__Task details__
Under this line is some data; print exactly the lines from the one containing "2. Disconnect the" through its last line, without pictures.

** Input data follows **

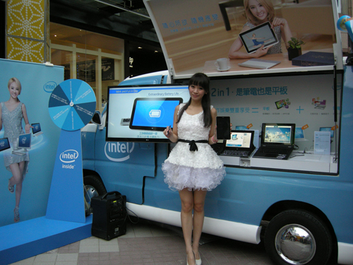 內含第 4 代 Intel Core (酷睿 )處理器系列與內含 Intel Atom Z3000 處理器系列(代號為 Bay Trail-T )的二合一( 2 in 1 )裝置、 Ultrabook 等行動裝置已陸續推出市面,為消費者的行動生活提供更多元的選擇。為了讓消費者有機會感受內含英特爾新一代產品的優異效能、二合一裝置既是平板又是筆電的獨特使用模式,以及 Ultrabook 輕薄、省電的產品特性,英特爾從 2013 年 12 月 7 日至 2013 年 12 月 28 日陸續在全省各大商圈提供 Intel 「 Look Inside 」無限可能體驗車的開放式體驗,與消費者近距離互動,並透過互動遊戲加深消費者瞭解 Intel 處理器為行動裝置提供的優異效能,若於現場購買搭載第 4 代 Intel Core 處理器的筆電或搭載 Intel 處理器的二合一裝置,還可獲得 16 GB USB3.0 隨身碟。
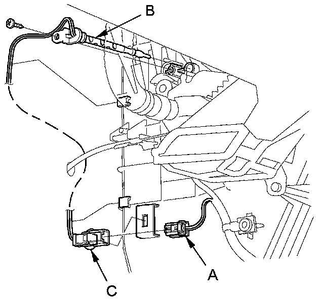 2. Disconnect the 2P connector (A) from the evaporator temperature sensor (B), then remove the connector clip (C). Remove the self-tapping screw, and carefully pull out the evaporator temperature sensor.
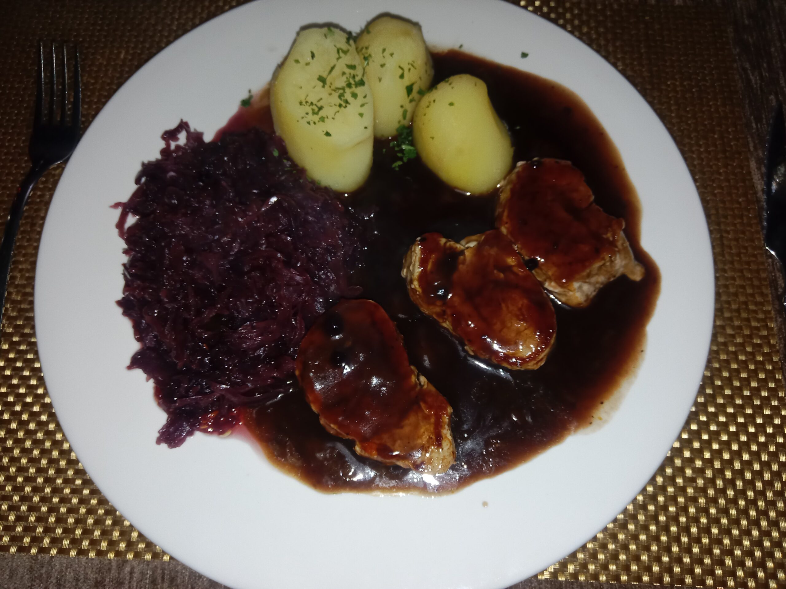 As this is a regular of ours, there are certain favourites that I like – including the salmon in bearnaisse sauce and the pork in blueberry sauce. This time round I opted for the pork in blueberry sauce which comes with most divine red cabbage and new potatoes. Served hot, and in a timely but not rushed manner, it is always a firm favourite with me.
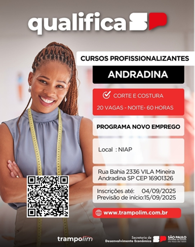 Assessoria de Comunicação A Prefeitura de Andradina está com inscrições abertas para o Curso de Corte e Costura em parceria com o Qualifica São Paulo. A ação tem como objetivo…

** End of Input data **

__Finished task__
 2. Disconnect the 2P connector (A) from the evaporator temperature sensor (B), then remove the connector clip (C). Remove the self-tapping screw, and carefully pull out the evaporator temperature sensor.
 As this is a regular of ours, there are certain favourites that I like – including the salmon in bearnaisse sauce and the pork in blueberry sauce. This time round I opted for the pork in blueberry sauce which comes with most divine red cabbage and new potatoes. Served hot, and in a timely but not rushed manner, it is always a firm favourite with me.
 Assessoria de Comunicação A Prefeitura de Andradina está com inscrições abertas para o Curso de Corte e Costura em parceria com o Qualifica São Paulo. A ação tem como objetivo…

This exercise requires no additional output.